Improvements worth considering
Because this is just a toy DNS resolver, it doesn’t contain extensive tests and doesn’t have most of the standards supported. There are still things I want to to in the future (if possible):
Caching and negative caching
RFC specifically said resovler need to cache the result whenever possible (but respect to TTL
)! So we don’t always bother root nameservers and the authoritative name servers all the time.
IPv6
This is obvious right? Supporting IPv6 is probably the one of the most important things for a resolver.
More protocols
There are many protocols can be used for DNS queries other than UDP
nowadays. TCP
, DNS over TLS
, or DNS over HTTPS
. I don’t know the difficulity yet, but let’s put it on a wishlist.
Async operation
I don’t want to use the word “obvious” again but you get the idea. Resolver with sync operation probably only works for a toy CLI program.
Internationalized domain names (IDN)
Internationalized domain name (e.g., 中文.tw) is something probably not popular but should be fun to do. (maybe?)
Final thoughts
I mentioned that I always wanted to make a DNS resolver on my own, and I finally did. But implementing without checking how everyone else did it can be both good and bad thing.
Good thing is I really delved into RFC and trying to figure out where was I, it was eye-opening to see how stuff underneath really works. I would recommend this to anyone who’s interested!
Bad thing is that I spent way, way more time than I expected. Most of the time I was just repeatedly looking at same paragraphs and trying to figure out what does this document mean, while I can definitely check some examples (even asking AI). Also, there are actually tons of RFCs and I only focused on RFS 1035 in order to make a working PoC.
I also strugged a while on several places, like bitwise operation and finding what’s TYPE
28. These looked so obvious in hindsight but really took me for some time then I just turned to ChatGPT.
My development at work mostly related to high level programming like integrating RESTful API and stuff.

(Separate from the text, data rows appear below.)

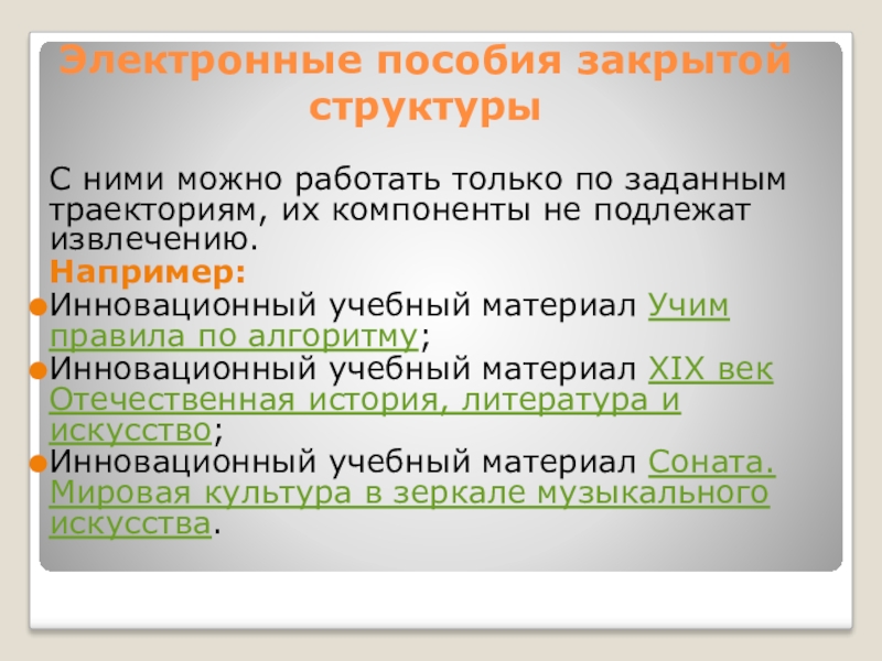 Интерактивные (благодаря технологиям мультимедиа и гипертекста обладают динамичным содержанием, возможностью, на основе гипертекста, интеграции различных форм представления информации (текст, иллюстрации, звук), наличием оперативной обратной связи обучаемого с их содержательными компонентами, позволяют нелинейно, выборочно, порционно подавать учебный материал).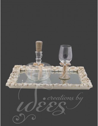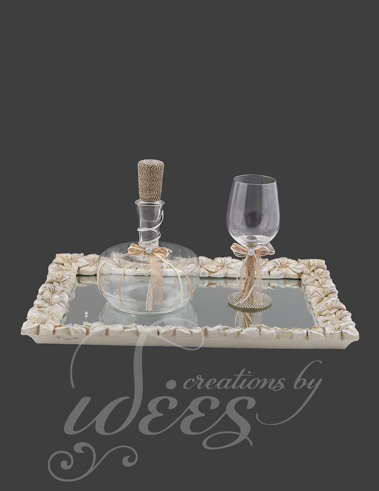 Περιλαμβάνει δίσκο με καθρέπτη και σκαλιστά λουλούδια γύρω-γύρω, κανάτα με στρας στο καπάκι και ποτήρι κρασιού με στρας στο ποδαράκι.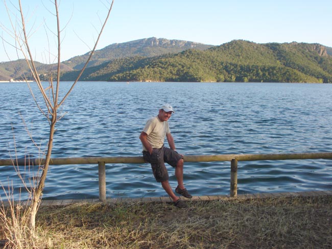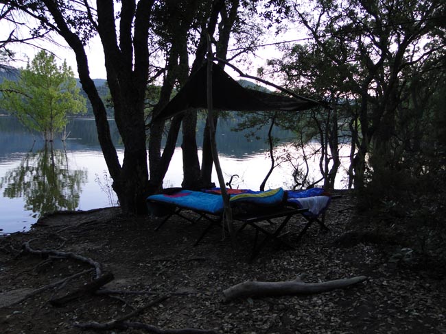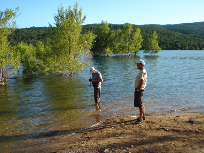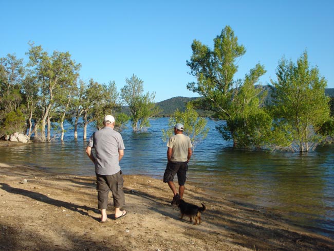 | Glücklich am Stausee angekommen. | Wo Übernachten wir? Ich weis einen guten Platz. |

As an infrasture engineer, I have tons of debugging tools in hand. There is rarely a chance to build a tool working on low level myself because… I just don’t need to, like everyone else.
It was also a fun experience and a good project to practice Rust (unlike the abandoned advent of code).

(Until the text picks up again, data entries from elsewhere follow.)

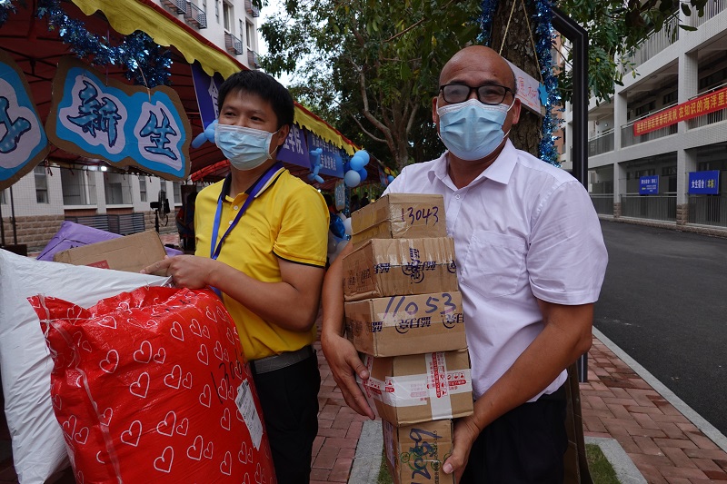为方便新生,校方协调安排了两辆大巴车到阳江高铁站出口接送学生。校内也安排了四辆公车,新生一进校门口就将其送至学生公寓楼下的各学院报到登记点。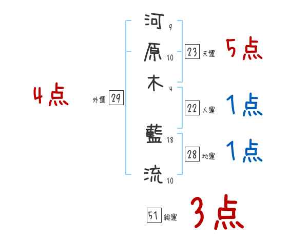 天運![]() | 河原木藍流さんの天運は23画の5つ星!想像力に優れ活力がある。一代で成功し名誉を手に入れる。 家系が持つ宿命的な運勢を表します。祖先から受け継いだ苗字ですので自分の力が及びません。家柄を象徴します。 |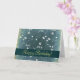 Hübscher, grüner Hintergrund in einem Vintagen Muster mit dunkelgrünem Band. Die malerische und skurrile Dekoration von Klumpen, die auf geschwungenen Zweigen mit extravaganten Blätter und Laub sitzen. Text befindet sich in einem hübschen Schriftart mit Goldskripten. Personalisieren Sie mit Ihrem eigenen Text.
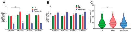 In parallel with the MitoSOX quantifications, PI was used to analyze the cell viability 48 h after transfection. Elevated cell death was observed in BiFC-positive cells compared to untransfected control cells. After transfection, cell death in BiFC-positive and control cells was determined to be 60% and 40%, respectively. The results are shown as a BiFC(+)/BiFC(−) ratio (Figure 5B). In transfected cells cultured in the presence of the autophagy inhibitor 3-MA, the measured cell death was comparable to that obtained from untreated transfected cells (Figure 5B). Rapamycin reduced the overall cell death compared to untreated transfected cells and 3-MA treated cells, but it was only in IVN + AVC-transfected cells that an increase in the BiFC(+)/BiFC(−) ratio was observed (Figure 5B).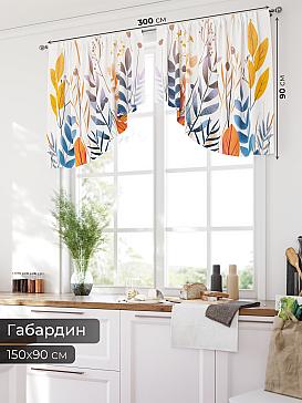 Комплект штор из легкой портьерной ткани (габардин) оформлен печатным рисунком. Печатный рисунок дает широкие возможности обновить интерьер фактически нет требуя ремонта за счет огромного выбора. Ткани с печатным рисунком безопасны и не содержат токсичных веществ. Не смотря на то что, материал легкий, он имеет высокую плотность, мало загрязнятся и не требует особого ухода даже после стирки, что важно для кухонных занавесок. Шторы не выцветают, не растягиваются, превосходно драпируются, образуя струящиеся складки. Прекрасное решение для создания красоты и уюта с помощью уникальных дизайнов.
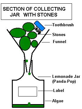 One day when I found an underwater wall of rock covered in slimy diatoms. I realised that I had all I needed in my rucksack. If a flat plastic bath sponge is held firmly against the rock below the surface and is wiped in an upward direction until it emerges from the water, it becomes impregnated with the growth which can then be squeezed out into an empty 'Panda' ® type pop or lemonade bottle. The addition of a small plastic funnel completes the apparatus.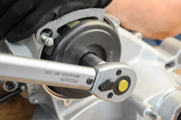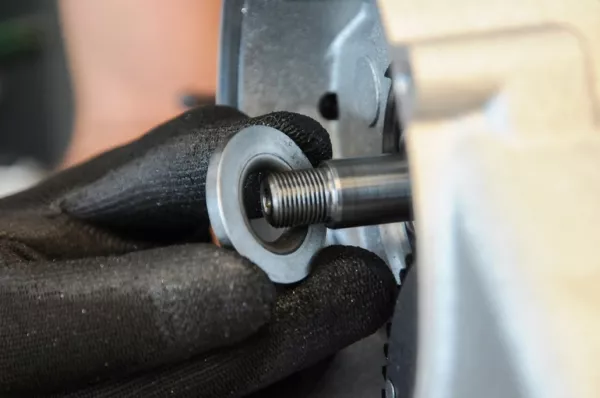 L'exigence concernant le montage d'essai est de passer d'une conception Touring plutôt docile à une conception sportive. Et ce, afin de pouvoir représenter une fois une moyenne des variantes possibles. Comme point de départ pour la série de tests, nous définissons une base avec de faibles angles de braquage, afin de pouvoir tester par la suite le plus grand nombre possible de variantes pertinentes. Pour définir un point de départ, le vilebrequin est monté avec des coussinets et le cylindre est mis en place pour déterminer les angles de braquage.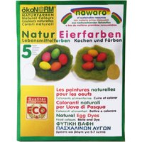 Mit ökoNORM ein unbedenklicher Osterbrauch: gefärbte Eier Zum traditionellen Osterfrühstück gehört ein Korb mit leuchtend bunten Ostereiern. Mit den nawaro Eierfarben von ÖkoNORM werden die Eier nicht nur perfekt gefärbt, die Lebensmittelfarben aus nachwachsenden Rohstoffen sind außerdem absolut unbedenklich für Mensch und Umwelt. Sieeignen sich zum Kochen und Färben in einem Arbeitsgang, ein Farbbeutel der nawaro Natur Eierfarben ist ausreichend für etwa 5 bis 7 Eier. Naturfarben aus nachwachsenden Rohstoffen Gesundheitlich unbedenkliche Lebensmittelfarben 5 Farbbeutel (rot, gelb, grün, orange, pink) Kochen und Färben in einem Arbeitsgang Je Farbbeutel ausreichend für 5 bis 7 Eier Nicht nur Kinder lieben bunte Ostereier Das Färben von gekochten Eiern ist zu Ostern in vielen Familien Tradition. Besonders Kinder lieben diesen Osterspaß – und mit den Natur Eierfarben von ökoNORM schmecken die bunten Eier gleich doppelt gut, denn die natürlichen Lebensmittelfarben (Kurkumin, Chlorophyllin und echtes Karmin) sind gesundheitlich unbedenklich. Umwelt und Ressourcen werden nicht belastet. Das Kochen der Eier in den bunten Farbstoffen ist ein Spaß für Groß und Klein. Diese Eier werden bunt gekocht.Die nawaro Eierfarben eignen sich zum Kochen und Färben in einem Arbeitsgang. Ein Farbbeutel ist ausreichend für 5 bis 7 Eier. Das Färben der Eier ist einfach: Das Farbpulver in etwa 750 ml kaltem Wasser (ohne Essig) verrühren und die Eier vor dem Erhitzen hineinlegen. Das Wasser sollte die Eier komplett bedecken. Während des Erhitzens vorsichtig umrühren, bis die Farbe schön verteilt ist. Wenn das Wasser kocht, die Eier noch 7 bis 10 Minuten kochen und nach dem Färben mit kaltem Wasser abschrecken. Beachten Sie: die Farbmischung ist für eine Färbung, bei weiteren Färbungen nimmt die Farbintensität ab. Sind die Eier bunt genug? Auf braunen Eiern wird die Farbe intensiver als auf weißen Eiern. Die Naturfarben reagieren bei jedem Ei anders, so dass unterschiedliche Farbnuancen entstehen können. Während des Erkaltens „reift“ die Farbe nach. Sie dürfen sich in jedem Fall auf einen schönen bunten Osterkorb freuen. Ein Tipp für Kreative: Der nawaro Wasserfarbkasten ist für das Bemalen von mit nawaro Natur Eierfarben gefärbten Eiern bestens geeignet. Hinweis: Benutzen Sie einen Topf aus Edelstahl. Emaillierte Töpfe könnten angefärbt werden, eventuelle Verfärbungen verblassen jedoch durch mehrmaliges Spülen. Details zum Produkt Natürliche Lebensmittelfarben: Kurkumin, Chlorophylline, echtes Karmin kompostierbar/recyclebar Enthält Steinsalz Glutenfrei Made in Germany Mindesthaltbarkeitsdatum: Mai 2025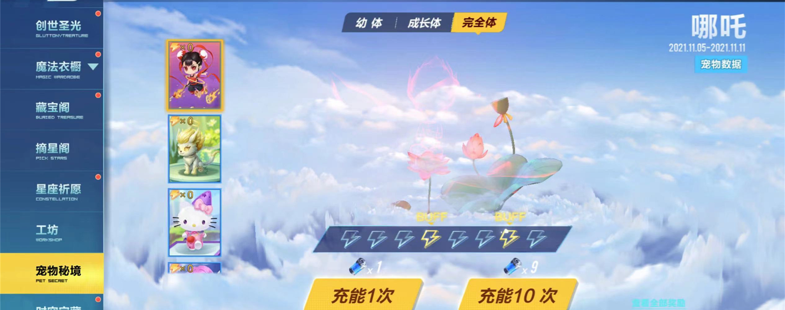 這樣就直接跳轉(zhuǎn)到寵物秘境了,有些新手玩家在尋寶功能里面找的很麻煩,在商城跳轉(zhuǎn)就可以,哪吒分為幼體,成長(zhǎng)體以及完全體,需要用充能的形式來(lái)進(jìn)行獲取,玩家需要用寵物能量道具來(lái)進(jìn)行抽取,充能1次消耗1個(gè)寵物能量道具,充能10次可需要9個(gè)寵物能量道具,玩家每充能一次,界面中的閃電符號(hào)就會(huì)亮起來(lái),直到爆滿進(jìn)入下一階段的成長(zhǎng)模式,幸運(yùn)的玩家可以直接獲取成長(zhǎng)體,完全體小編目前還沒(méi)有看見(jiàn)有獲得的。

Some observations during the making of a DNS resolver:
- There are extensively length checks than I thought (I guess it’s still not enough)
- Malformed pointer in compresstion format can really mess resolver up as it can be infinitely recursive. It’s resolver’s responsibility to not being naive.
- I am not a security expert. But when I saw I got a
~500 bytes
response from a~30 bytes
query. That really gives me a concept of how dangerous DNS amplification attack can be! - DNS Caching is very important (especially in Kubernetes).